*** EXERCISE INPUTS Section Begins ***
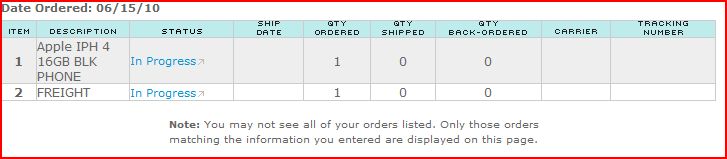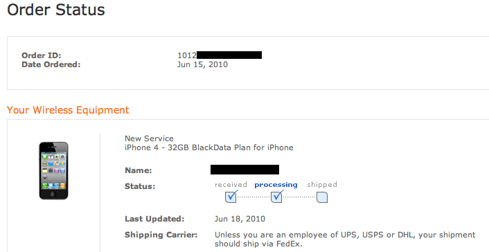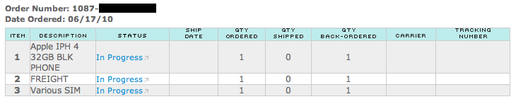 However, a quick trip over to the myWireless Order Status page (after punching in my phone number, as the order number pulls nothing up) shows a different order number than my Premier email, and even more frustratingly, backordered with a date of June 17th that's entirely and wholly inaccurate. Furthermore, that's beyond the rumored cutoff for launch day shipments, and I'm (as of now) still without any hope of a tracking number.
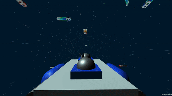Instead, I went with going a more familiar route for myself and go with starship mechanics, as my previous work with Global Game Jam would mean that I already had some scripting and particle effects already solved, and a simple aesthetic I could match, even though I was creating new assets. Knowing how game typically put you in the position of flying the ship, I chose to limit the player's control to a single turret, like the guns on the Millennium Falcon. Thus, the player could control their own actions, but could not dictate the path or position of the ship. I envisioned the game as a massive space battle between two warring fractions, with dozens of ships flying around each other while the player tried to do their part to keep their own ship alive, unable to do more than point and shoot.
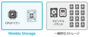 Nimble Storage HFシリーズは性能とディスク種別、本数が無関係なので、ディスクは安価で大容量ディスクのみを使用し、圧倒的な省スペース性と低消費電力を実現。
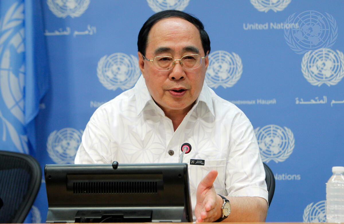 Wu Hongbo, UN Under-Secretary-General for Economic and Social Affairs and Secretary-General for the Third SIDS Conference briefs journalists. Also addressing the press with him was Ali’ioaiga Feturi Elisaia, Permanent Representative of the Independent State of Samoa to the UN and ex officio member of the PrepCom Bureau.
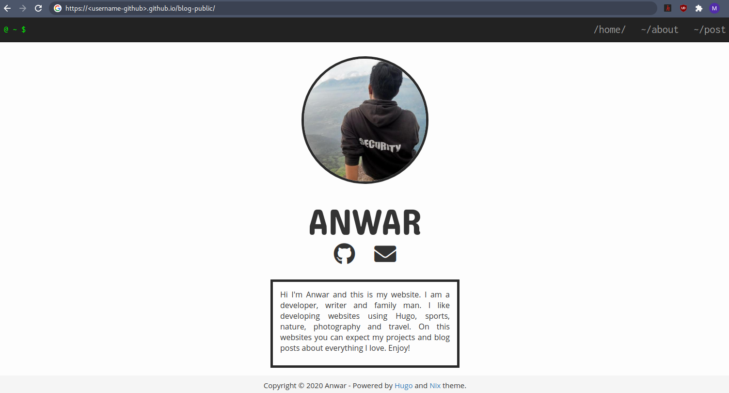 Terlihat bahwa Github Actions berhasil menjalankan push secara otomatis ke repository eksternal blog-public. Dan hasil build Hugo dapat kita buka pada Github Pages dengan URL berikut.
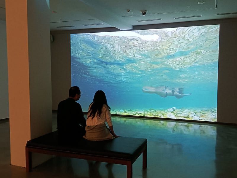 "Lick" 2015, a video work by Angela Tiatia about trying to maintain a foothold on the seabed in Tuvalu as sea level rises. Part of the "Perspectives on Place" exhibition at Museum of Contemporary Art, Sydney. (PHOTO: Kennedy Warne)
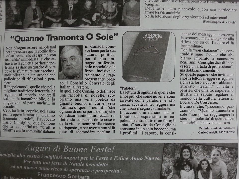 “Quanno tramonta ‘o sole “ è il titolo del libro di Carlo Consiglio, presentato nel corso dell’evento del Ctim a Toronto lo scorso fine settimana. Novelle, storie di vita, buoni sentimenti , umanità e sagacia partenopea in 200 pagine da leggere tutte d’un fiato, per godersi un San Pietro che parla napoletano in Paradiso e la teoria della maggior quantità di fosforo nel cervello che i napoletani avrebbero ereditato dalle sabbie vulcaniche del Vesuvio. Ecco a seguito le recensioni pubblicate dai giornali iotalocanadesi “LO Specchio” e “Corriere canadese”.
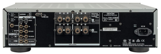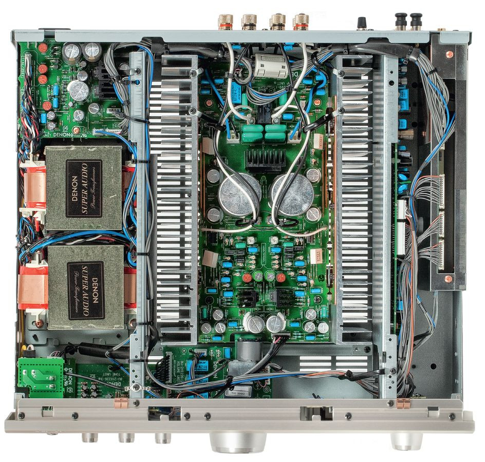 W centrum dostępnej przestrzeni znajdują się końcówki mocy z dwoma długimi radiatorami; w ten sposób oddzielono od siebie obydwa kanały. Końcówki mocy Denon nazywa (w pełnym brzmieniu) Advanced Ultra High Current MOS Single Push-Pull Circuit.
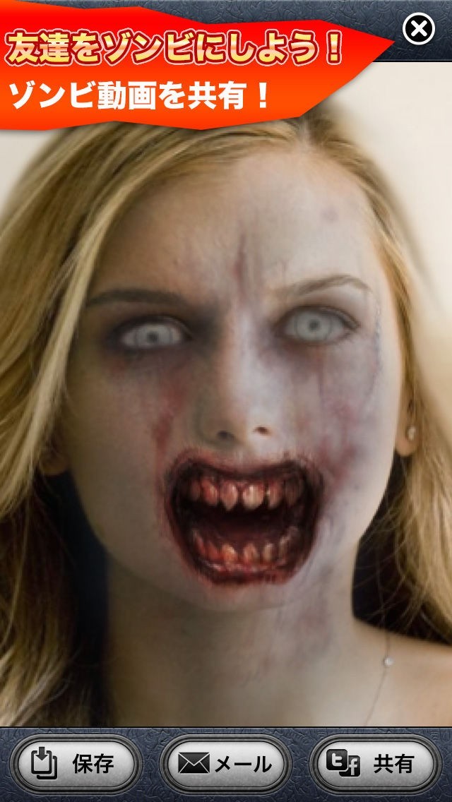 アプリ内のカメラで顔を撮影するだけで簡単に顔をゾンビ化することが出来ます。また、ゾンビ化した画像にタップするとゾンビがかみついてくるといった演出もあるので非常に楽しむことが出来るアプリです。
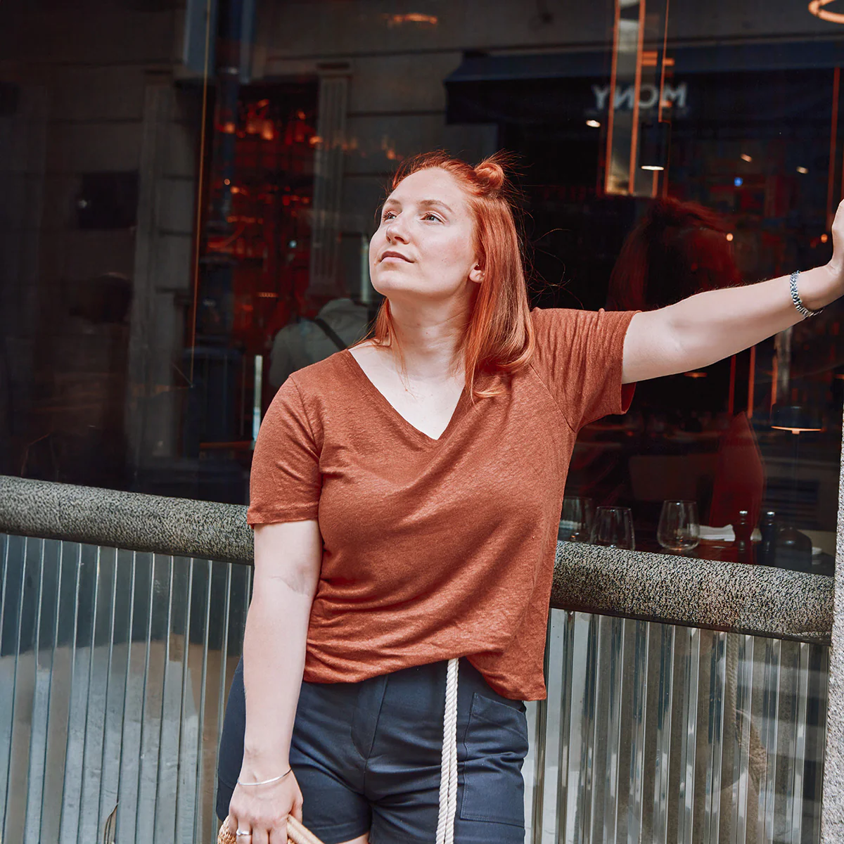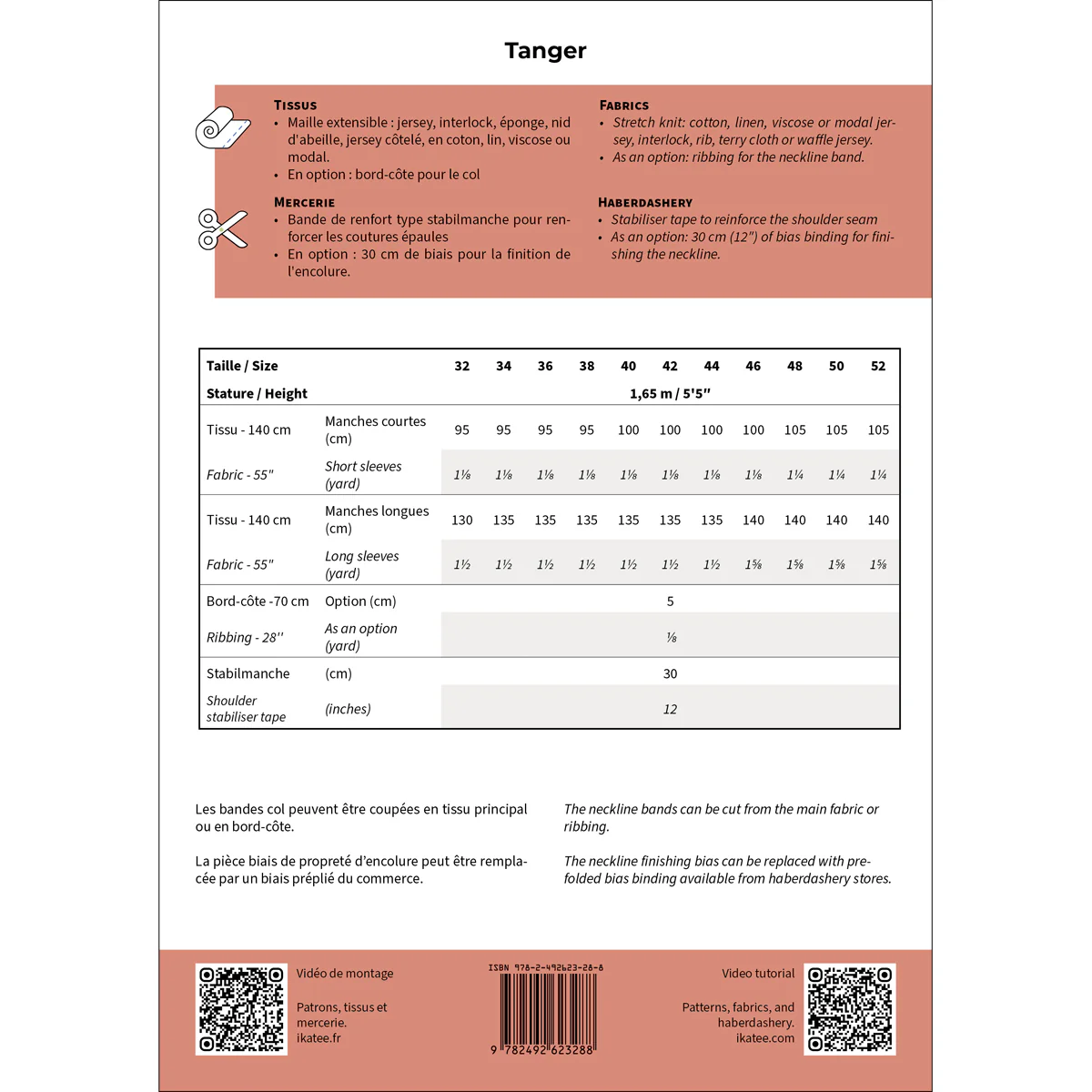 Tanger is een recht gesneden, licht losvallend T-shirtpatroon. Het biedt verschillende opties: korte mouwen, opgerolde korte mouwen of lange mouwen, een ronde hals, een licht uitgesneden halslijn of een V-hals.
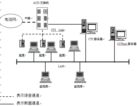 在呼叫中心系統(tǒng)中,ACD交換機(jī)除提供語(yǔ)音接入外,還提供高效的ACD(自動(dòng)來(lái)話(huà)分配)功能,在本系統(tǒng),若需要監(jiān)視座席話(huà)機(jī)的狀態(tài),還必須提供計(jì)算機(jī)電話(huà)集成CTI功能。
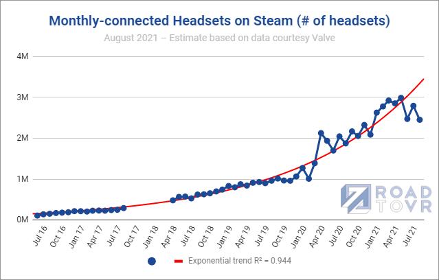 而從最新數(shù)據(jù)來看,Steam VR頭顯數(shù)量明顯下降,從7月的2.07%下降至8月的1.74%。但這種下降可能也被夸大了,就像我們上月看到的情況那般,當(dāng)數(shù)據(jù)下降反彈時,Steam涌入了大量中國(+7.21%)和韓國(+1.25%)用戶,加上中國和韓國Steam用戶激增的變量(甚至比6月數(shù)據(jù)中報告的VR用戶大幅下降還要大),因此很難說Steam最新VR用戶數(shù)量是否精確。
*** EXERCISE INPUTS Section Ends ***
-- WHAT NEEDS TO BE DONE --
From the listing above, please give again the lines that begin with the line holding "Instead, I went" and go on through the line holding "(PHOTO: Kennedy Warne)", exactly, both ends included, minus any picture.

-- RESPONSE FOR THIS EXERCISE --
Instead, I went with going a more familiar route for myself and go with starship mechanics, as my previous work with Global Game Jam would mean that I already had some scripting and particle effects already solved, and a simple aesthetic I could match, even though I was creating new assets. Knowing how game typically put you in the position of flying the ship, I chose to limit the player's control to a single turret, like the guns on the Millennium Falcon. Thus, the player could control their own actions, but could not dictate the path or position of the ship. I envisioned the game as a massive space battle between two warring fractions, with dozens of ships flying around each other while the player tried to do their part to keep their own ship alive, unable to do more than point and shoot.
 Nimble Storage HFシリーズは性能とディスク種別、本数が無関係なので、ディスクは安価で大容量ディスクのみを使用し、圧倒的な省スペース性と低消費電力を実現。
 Wu Hongbo, UN Under-Secretary-General for Economic and Social Affairs and Secretary-General for the Third SIDS Conference briefs journalists. Also addressing the press with him was Ali’ioaiga Feturi Elisaia, Permanent Representative of the Independent State of Samoa to the UN and ex officio member of the PrepCom Bureau.
 Terlihat bahwa Github Actions berhasil menjalankan push secara otomatis ke repository eksternal blog-public. Dan hasil build Hugo dapat kita buka pada Github Pages dengan URL berikut.
 "Lick" 2015, a video work by Angela Tiatia about trying to maintain a foothold on the seabed in Tuvalu as sea level rises. Part of the "Perspectives on Place" exhibition at Museum of Contemporary Art, Sydney. (PHOTO: Kennedy Warne)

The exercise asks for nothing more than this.